At first glance, the description of Isaac seems an error—Abraham had in fact two sons, Isaac and Ishmael. In the translation of Hebrew scholar Robert Alter, God tells Abraham, “Take, pray, your son, your only one, whom you love, Isaac.”

Alter comments, “The Hebrew syntactic chain [the order of the words] is exquisitely forged to carry a dramatic burden, and the sundry attempts of English translators from the King James Version to the present to rearrange it are misguided.” Alter then quotes from a medieval rabbi’s imaginative rendering of the scene: God says, ‘ “Your son.” [Abraham] said to Him, “I have two sons.” [God] said to him, “Your only one.” [Abraham] said, “This one is an only one to his mother and this one is an only one to his mother.” He said to him, “Whom you love.” He said to him, “I love both of them.” He said to him, “Isaac.” ’

Your son, your only one, whom you love, Isaac. These brief phrases reveal the unbearable weight of “God’s terrible imperative” to sacrifice his beloved son, the child of the promise.

God’s incomprehensible demand reminds me of the parable of the wicked tenants from Mark 12. In that parable, a distant landlord sends a servant to collect rent from tenants who instead beat the poor man. Jesus says, “And he sent another, and him they killed. And so with many others: some they beat, and some they killed. He had still one other, a beloved son. Finally he sent him to them, saying, ‘They will respect my son.’ ” Guess what: they don’t. I remember reading that not too long ago and immediately thinking, “What a very stupid landlord!” Of course, a moment’s reflection reveals that the landlord symbolizes God our Father who sent his Son into the world to be killed. So too does Abraham in our story prefigure the Father who will not withhold his Son.

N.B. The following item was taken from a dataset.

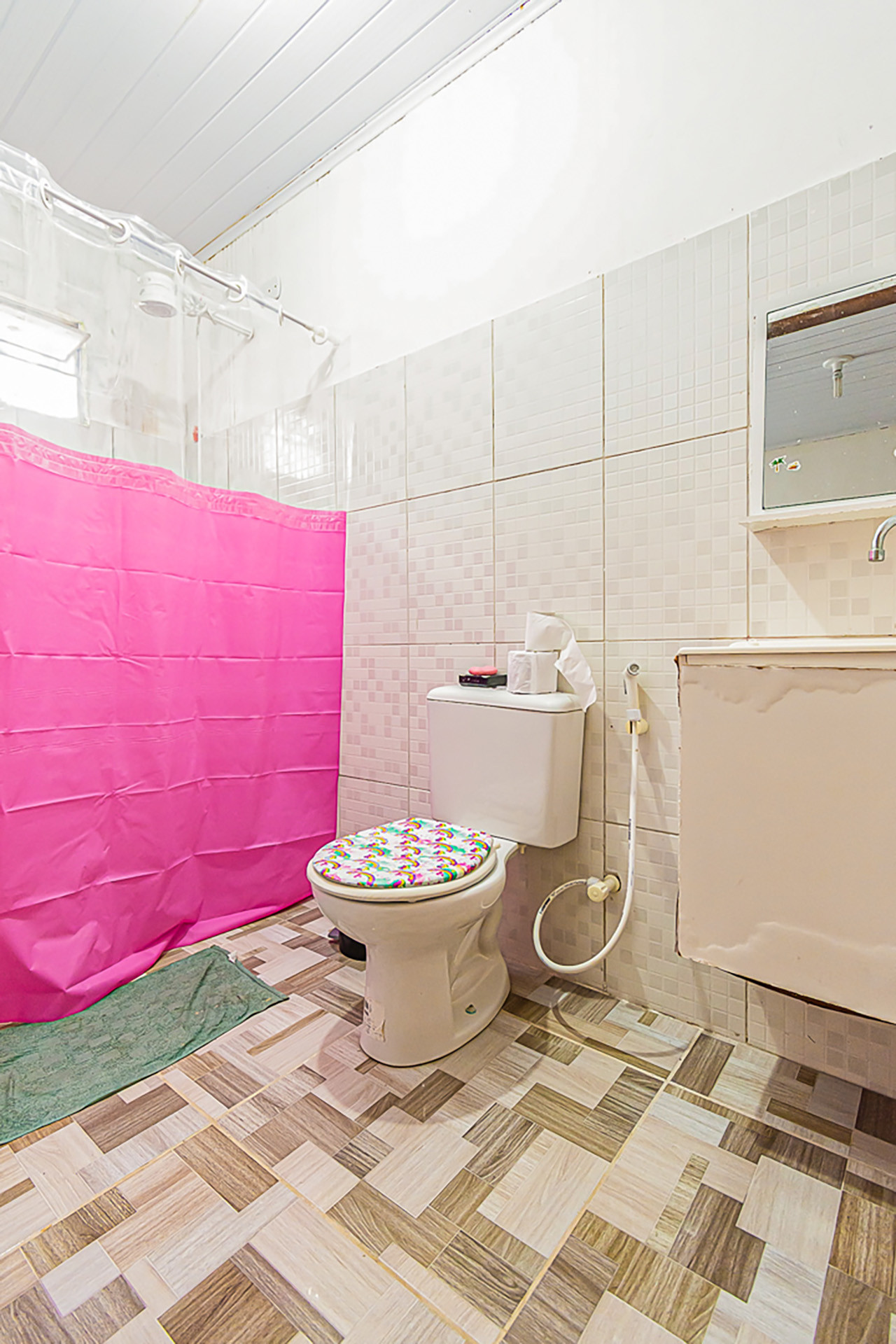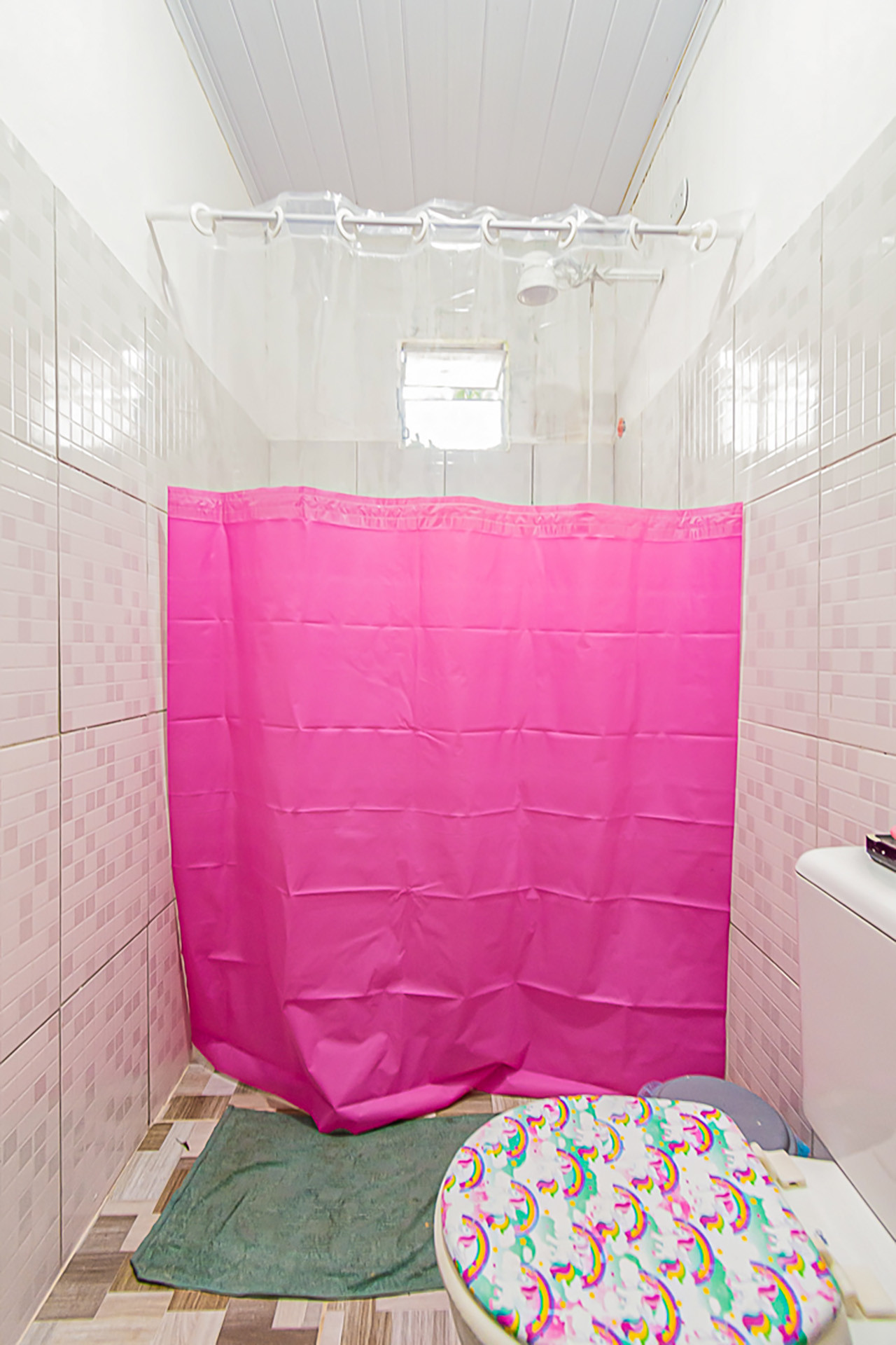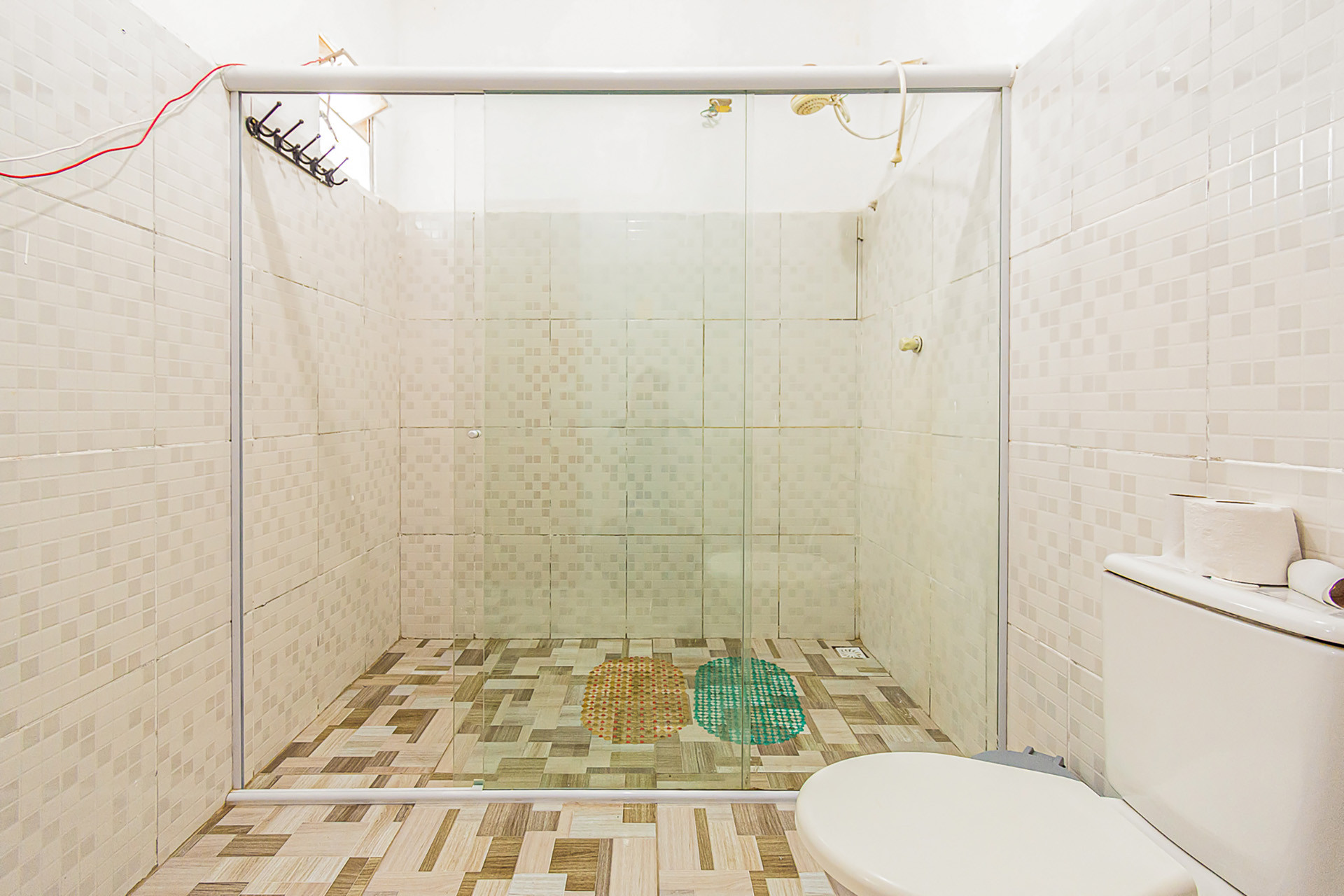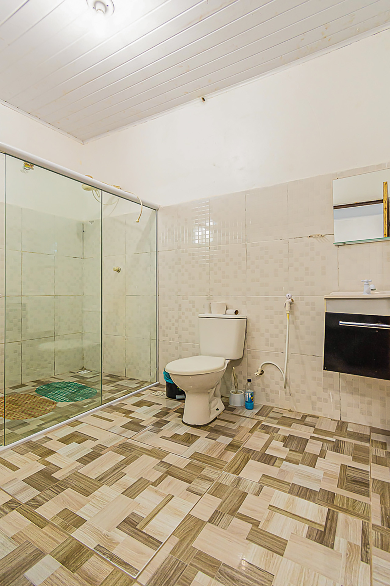 - Os banheiros têm chuveiro elétrico e box de vidro

What are we to make of this God, our Father?

Romans 8 gives us an answer. “What shall we then say to these things?… He that spared not his own Son, but delivered him up for us all, how shall he not with him also freely give us all things? … Who shall separate us from the love of Christ? shall tribulation, or distress, or persecution, or famine, or nakedness, or peril, or sword? As it is written, For thy sake we are killed all the day long; we are accounted as sheep for the slaughter. Nay, in all these things we are more than conquerors through him that loved us. For I am persuaded, that neither death, nor life, nor angels, nor principalities, nor powers, nor things present, nor things to come, Nor height, nor depth, nor any other creature, shall be able to separate us from the love of God, which is in Christ Jesus our Lord.”

As we consider the sacrifice of Jesus on the cross, as we reflect on our sins for which he suffered and on our own terrible need for this Savior, let us also reflect upon the immeasurable love of the Father.

“He that spared not his own Son, but delivered him up for us all, how shall he not with him also freely give us all things.”